Well, Damien wanted to climb. “You wanna climb, Nick?” he inquired in pure AQI*. “It’s a bit wet isn’t it”, I returned, looking at the grey skies and sodden grass. “It’ll dry off” he predicted confidently – stroking the (dry) stone wall at the back of the campsite with a gleeful air. I was doubtful but, a few minutes afterwards in the Lundy stores, I spoke to a fellow-climber who was also making plans – “It will be fine later” he stated, “just drop a couple of grades and you’ll be ok”. On reflection, this was probably a fair comment – proven that afternoon when I “onsighted” the concrete staircase by the northern lighthouse.

Fine walks around the island.

Fortunately, Charmian was also keen to climb so, together with Damien, they saw off some routes on the south of the island while the rest of us stayed sub-vertical. The walking did work up an appetite, though, so another evening in the tavern was enjoyed including tasting the local gin and the (far from local) stock of single malts on offer in the bar.

I slept quite well on Monday night actually – thanks for asking.

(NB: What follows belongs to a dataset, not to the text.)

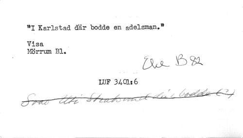 //// *I Karlstad där bodde en adelsman." //// Visa //// MSrrum Bl. //// ^dL- a A //// LUF 3401:6 ////

Tuesday dawned warm and bright. Sarah, Joe and Jess set off in search of seals and more letterboxes while the rest of us looked for the last climbs of the trip. Stef was hungry to lead so headed over to Seal Slab (D **) with Nick, who later had a run in with the law on the Constable (The Original Route (HS)) at the north of the island.

The seal of approval…Stef on seal slab

The others arrived at Flying Buttress with dreams of glory. Damien sparkled on the famous Diamond Solitaire (VS **); Charmian cantered up Horseman’s Route (HS *); and Chris had a “lark” on the genteel Alouette (S *). Ably seconded by Katherine and Anna, time was flying by on the buttress such that it soon became time to catch the boat back to the mainland.

Safety first! Charmian adjusts a sling on flying buttress

We all made it back to the jetty for the grand departure and, with the seals waving their flippers and singing their farewells, it was time to say goodbye to Lundy.

Thanks for a great meet, everyone. I’m sure we’ll hear the call of Lundy again soon.